You should set three options in the sendmail .mc
file to use Procmail. The first of these is:
define(`PROCMAIL_MAILER_PATH', `/usr/bin/procmail')
This tells sendmail where to find the Procmail binary. (Some
configurations put this option in another configuration file, but you
can override it in your sendmail .mc file if you
need to do so.) The remaining options are
FEATURE(`local_procmail') and
MAILER(procmail), which collectively tell sendmail
to use Procmail for local deliveries. As described in the earlier
Section 13.3.3.3, you can also
call Procmail in other ways, such as in a forwarding configuration.
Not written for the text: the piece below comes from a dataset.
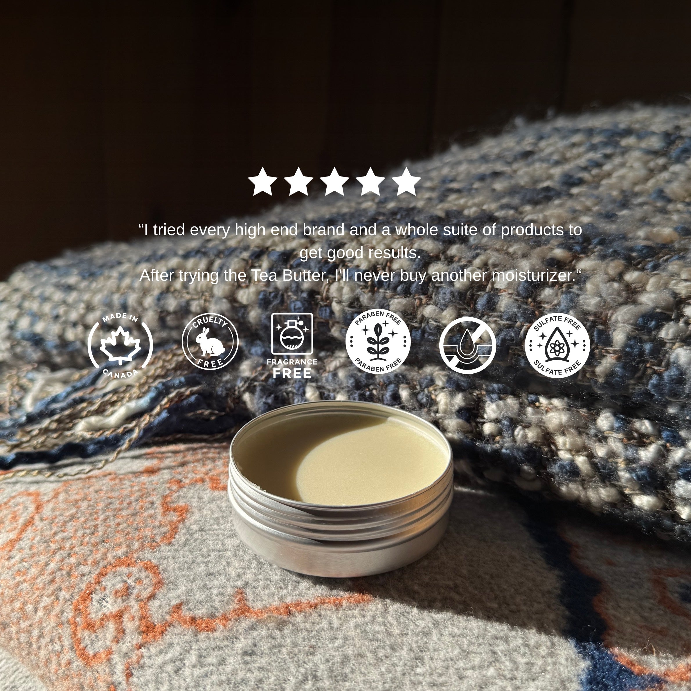 Growing up and living in Ontario, Canada, Sydney struggled with chronically dry, chapped skin, so she began creating her own whipped shea butter moisturizer. When clients at Green Tea With Me Esthetics discovered it and fell in love, their enthusiasm inspired her to share it beyond the treatment room. What began as a personal remedy became a tiny tin of pure, plant-based comfort for the skin.
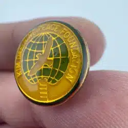 This pin features the logo of the Kim Dae Jung Peace Foundation, showcasing a globe and dove design that symbolizes peace and international cooperation.

To call Procmail as part of the Postfix delivery rules, you must tell
Postfix to use the Procmail binary as part of its delivery system:
mailbox_command
=
/usr/bin/procmail. As described in an earlier
section, you can also tell Postfix to use Procmail in mail forwarding
configurations.
Procmail can use one or more of several configuration files:
/etc/procmailrc
This file is the global Procmail configuration file. It’s called as root to process all the mail that the SMTP server handles. For spam-control purposes, you use this file to apply rules you want to use on all the email that’s delivered to your local users. Typically, this means you use it to apply rules that are very unlikely to result in false alarms.
~/.procmailrc
Individual users can create .procmailrc files in
their home directories. These files have the same format as
/etc/procmailrc, but they’re
applied only to email directed to specific users. This enables users
to apply their own customized Procmail rules. Alternatively, you can
provide some standard configuration files in specific locations and
allow users to create symbolic links to those files to achieve preset
effects.
Some methods of calling Procmail, such as those that use Procmail as
part of mail forwarding schemes, enable you to pass the name of a
configuration file to Procmail. Sometimes these reside in a directory
such as /etc/procmailrcs, but that location is
arbitrary.
Procmail runs as the user who calls it,
although when it’s called as root, it can drop its privileges under some
circumstances. A rule that works well in
~/.procmailrc (when Procmail is called as the
end user) may not work well when placed in
/etc/procmailrc (when Procmail is called as
root), or vice versa. Typically,
you must be more careful about file permissions when calling Procmail
as root, because writing to or
creating a file (such as a mail folder) as root can make that file inaccessible to
ordinary users, such as the mail’s intended
recipient.
Whatever its name, a Procmail configuration file consists of three
parts: comments (denoted by hash marks), environment variable
assignments (similar to those in bash, such as
MAILDIR
=
$HOME/Mail), and recipes (described next). The
bulk of most Procmail configuration files consists of its recipes.
Procmail
recipes consist of three parts: the identification line, the
conditions, and the action. The idea is that the action is initiated
when the conditions are met. For instance, a condition might be that
the string Viagra appear in the message body, and
the action might be that the message is sent to
/dev/null—that is, that the message be
discarded. The form of the recipe is as follows:
:0 [flags] [:[lockfile]] [conditions]action
The identification line always begins with :0;
that’s just the convention. The
flags
are described shortly; they specify where Procmail looks for
condition matches, how it matches, and so on. The
lockfile
is a file that controls access to a mail file. If a file is locked,
Procmail defers operating on it. Normally, a single colon
(:) is sufficient, but you can specify the
filename, if necessary. The
conditions
are technically optional, but in practice, most recipes have at least
one condition line. (A recipe with no
conditions lines matches all mail
messages.) Including multiple conditions causes Procmail to require
all of them to match before an action line
is implemented. Precisely one action is
required for each recipe.
Procmail’s default behavior is to match
conditions against message headers in a
case-insensitive way. Several flags are
available to change how Procmail handles these matches, though. Here
are the more common:
H
This value does matches on message headers, which is the default.
B
This value does matches on message bodies.
D
This value does a case-sensitive pattern match, as opposed to the normal case-insensitive match.
c
Ordinarily, if a recipe matches, it’s passed to the
action, which may discard it, alter it, or
otherwise make the original inaccessible. This option causes the
action to act on a
“carbon copy” of the original
message, which is useful if you want to, for example, send a
duplicate copy of a message to another account or mail folder.
w
This value causes Procmail to wait for the
action to complete. If the
action fails, Procmail leaves the message
in the queue for other recipes.
W
This option is similar to w, but it suppresses
error messages.
f
This option pipes a message through another program, treating that program as a filter.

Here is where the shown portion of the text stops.